In human-on-the-loop the AI acts and the human supervises. The human can intervene at any time, but does not by default. Cost scales with the vigilance demand, not the volume of cases.

In escalation the AI acts by default, and the human is invoked only by a trigger you have defined: low confidence, an irreversible action, a customer asking for one, a category the AI shouldn’t touch. Cost scales with the edge-case rate, not the total volume.

These three are not the same thing wearing different labels. They have different cost curves, different failure modes, and different things they ask the human to do. The single biggest source of confusion in this space is that “HITL” has come to mean “a human is involved somewhere.” Once that conflation happens, you can’t argue about design any more, because you’re not pointing at the same object.
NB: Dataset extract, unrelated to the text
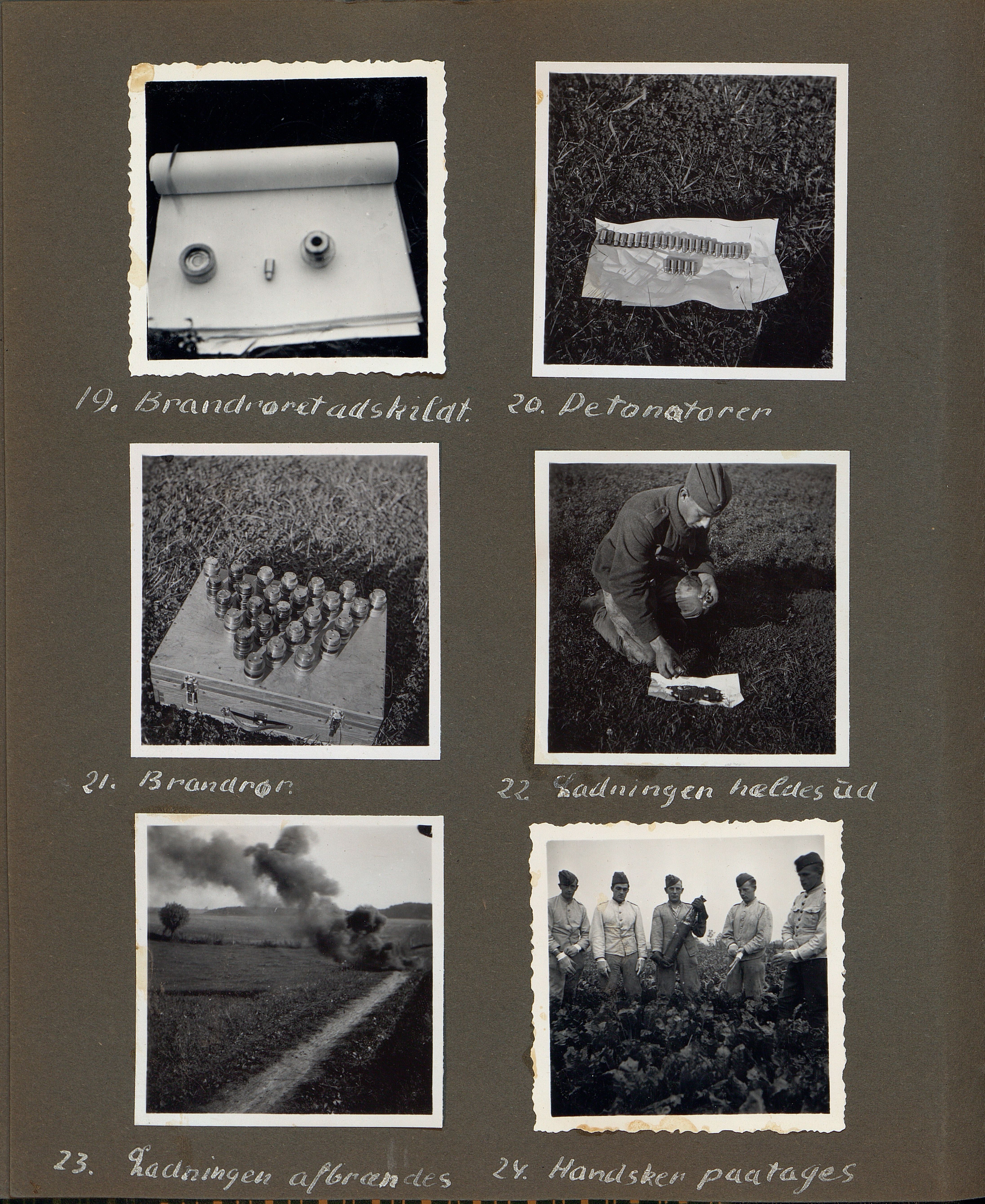 Enkeltside fra fotoalbum med omkring 80 fotos af blindgængere og forsagere, samt deres opgravning og demontering. Hovedsagligt fra det civile luftværn.
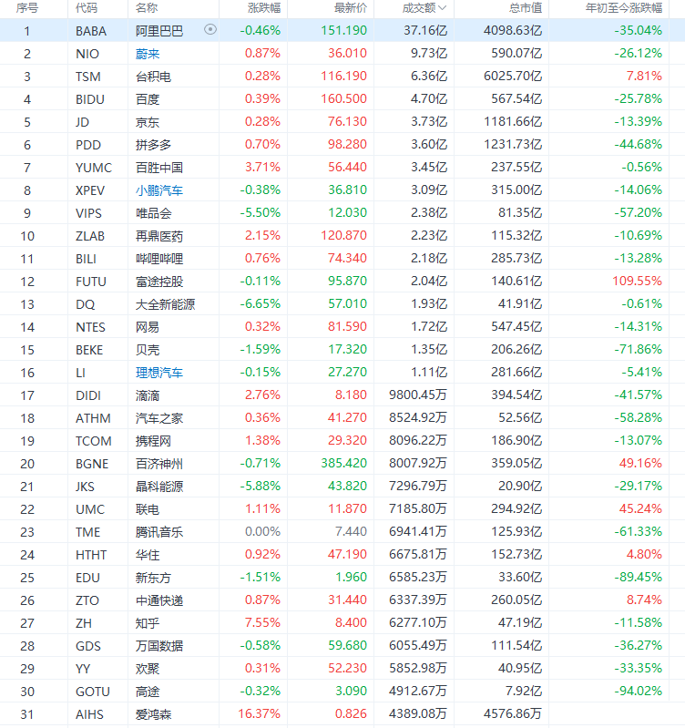 热门中概股继续上涨,知乎涨超7%,掌门教育涨超4%,腾讯ADR涨超1%,蔚来汽车涨近0.9%,拼多多涨近0.8%,百度涨近0.4%,京东涨近0.3%,而中国恒大粉单跌超11%,新东方跌超1%,网易有道跌约1%,阿里巴巴跌逾0.4%,小鹏汽车和理想汽车分别跌近0.4%和逾0.1%,森淼科技涨超19%。

The argument I want to make is about the first one. Default-path HITL. The pattern where a human sits inside every loop iteration, every action, every output. That pattern is broken in ways most product teams don’t realise until it shows up in their metrics.

Fig. 1: three patterns the term HITL gets used for.

What the peer-reviewed evidence actually says#

I’ll lead with two findings, because they’re the ones I’d want a sceptical reader to have in front of them.

The first is a meta-analysis published in Nature Human Behaviour in 2024 by Vaccaro, Almaatouq and Malone. They aggregated 106 experimental studies covering 370 effect sizes published between 2020 and 2023. The headline: human-AI combinations performed significantly worse, on average, than the better of either humans alone or AI alone. When the AI was stronger than the human, the combined team was weaker than the AI. When the human was stronger, the team was stronger than the human alone. Combining the two is not free. It is often net negative, especially on decision-making tasks.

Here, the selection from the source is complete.